NOTE 1. PRINCIPLES OF CONSOLIDATION, BASIS OF PRESENTATION, AND SIGNIFICANT ACCOUNTING POLICIES - (continued)

 

The Company’s unaudited condensed consolidated results of operations on a pro forma basis for the three months ended March 31, 2005 and 2004 as if it had consummated the acquisition of FCM and disposed of PGNF Home Lending Corp. (see Note 2) on January 1, 2004 are as follows (in thousands except per share data):

 

     2005

    2004

 

Revenue

   $ 309     $ 653  

Net income

   $ (255 )   $ (500 )

Basic and diluted loss per share

   $ (0.00 )   $ (0.01 )

Weighted average shares outstanding – basic and diluted

     87,584       68,203  

 

CASH AND CASH EQUIVALENTS - For purposes of the statement of cash flows, the Company considers all highly liquid investments purchased with original maturities of three months or less on their acquisition date to be cash equivalents. Cash and cash equivalents include cash on hand and funds held in checking, money market, and savings accounts.

 

FEES RECEIVABLE - Fees receivable consist of fees due on loans closed prior to the balance sheet date.
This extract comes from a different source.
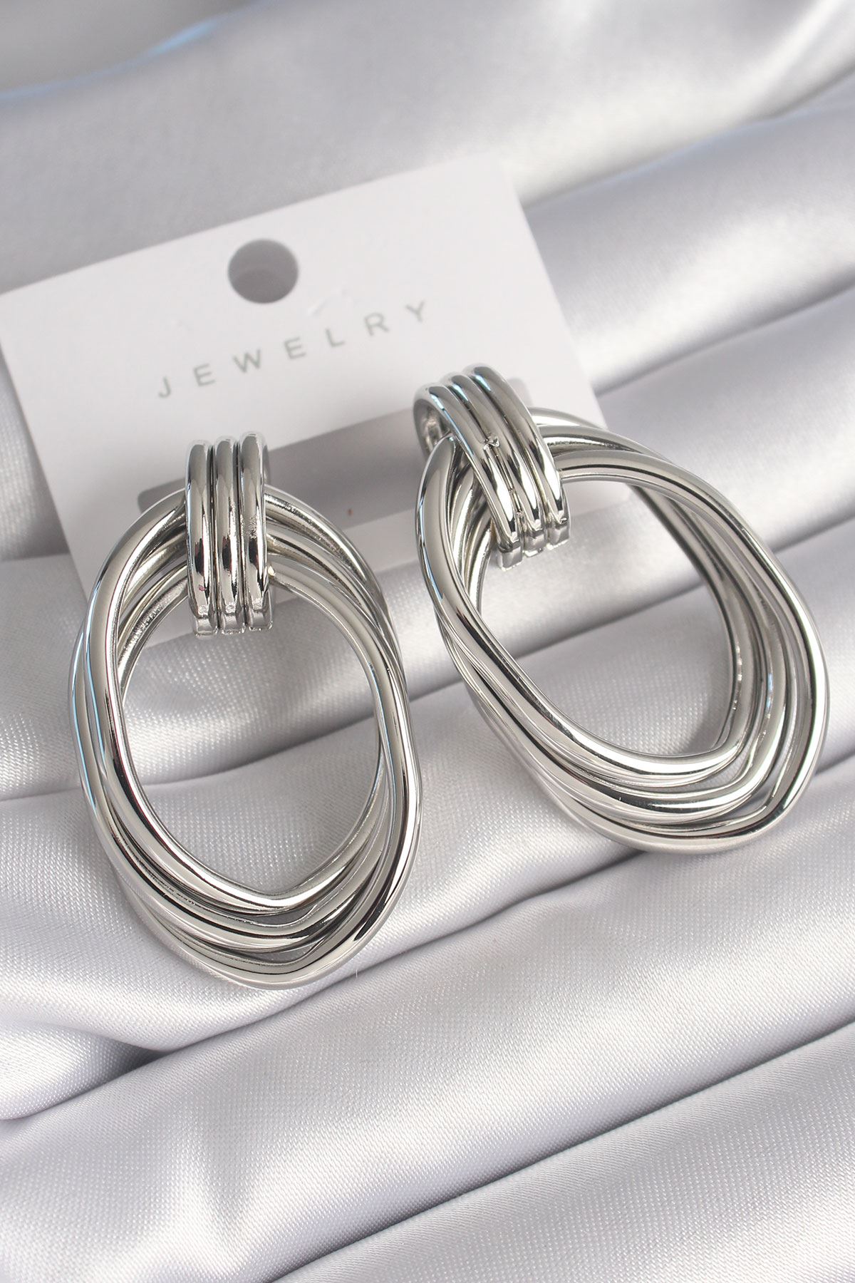 YRTCL Pirinç Gümüş Renk Oval Model Kadın Küpe

Fees receivable are typically collected within 30 days.

 

MORTGAGE LOANS RECEIVABLE HELD-FOR-SALE - Mortgage loans receivable held-for-sale consist of loans made to individuals that are primarily collateralized by residential one to four unit family dwellings. Mortgage loans are recorded at the principal amount outstanding net of deferred origination costs and fees and any premium or discounts. These loans are carried at the lower of amortized cost or fair value as determined by outstanding commitments from investors or current investor-yield requirements, calculated on an aggregate basis. Interest on loans receivable held-for-sale is credited to income as earned. Interest is accrued only if deemed collectible.

 

ALLOWANCE FOR LOAN REPURCHASES AND PREMIUM RECAPTURE - The allowance for loan repurchases and premium recapture relates to expenses incurred due to the potential repurchase of loans or indemnification of losses based on alleged violations of representations and warranties which are customary to the mortgage banking industry. Provisions for losses are charged to gain on sale of loans and credited to the allowance. The allowance represents the Company’s estimate of the total losses expected to occur and is considered to be adequate by management based upon the Company’s evaluation of the potential exposure related to the loan sale agreements over the life of the associated loans sold. The Company has purchased insurance to cover third party broker fraud, which mitigates some of the risks.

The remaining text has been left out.